- Born: 4 May 1982 (age 42) Zagreb, Croatia
- Occupation: Film director

= Matija Kluković =

Croatian film director

Matija Kluković (born 4 May 1982 in Zagreb, Croatia) is a Croatian independent film director. In 2006 he finished his debut feature Slow Days (Ajde, dan... prođi...) that has received much critical acclaim from Croatian film critics, won Golden Pram award at Zagreb Film Festival and internationally premiered at Rotterdam.
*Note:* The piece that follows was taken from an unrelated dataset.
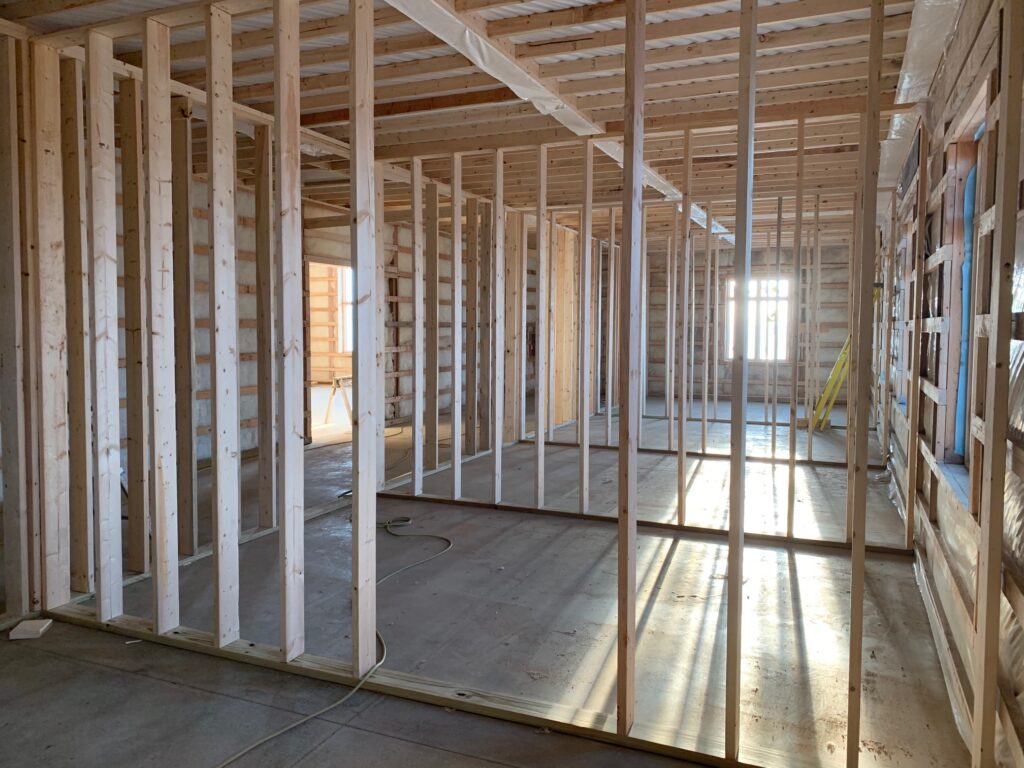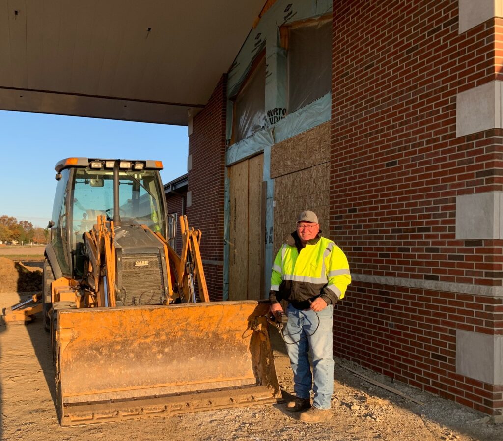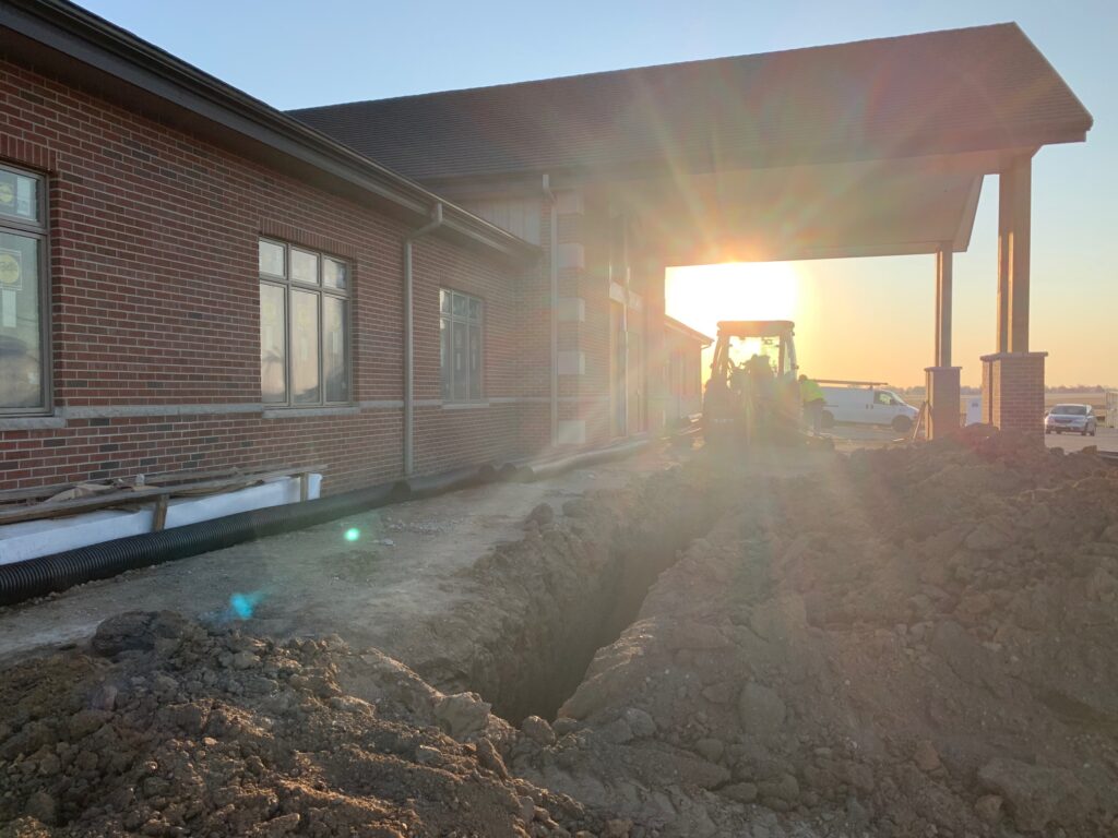 Yesterday our volunteer crew began to build the stage, began to dig the drainage tile, finished the office wing walls of the new church and began to chalk out our fantastic real-people-sized bathrooms! All three of them! Remember we have added a family restroom as well.

In 2008, Slow Days placed 15th in the list of the best Croatian films since 1990, compiled by Jutarnji list.

== Filmography ==
===As director===
- 2006 Slow Days (Original title Ajde, dan... prođi...)
- 2009 Film Gorana Odvorčića i Matije Klukovića za Asju Jovanović i Andreu Rumenjak (Zagrebačke priče)

===As writer===
- 2006 Slow Days (Original title Ajde, dan... prođi...)
- 2009 Film Gorana Odvorčića i Matije Klukovića za Asju Jovanović i Andreu Rumenjak (Zagrebačke priče)
- 2009 Ciao mama

===As actor===
- 2006 Slow Days (Original title Ajde, dan... prođi...)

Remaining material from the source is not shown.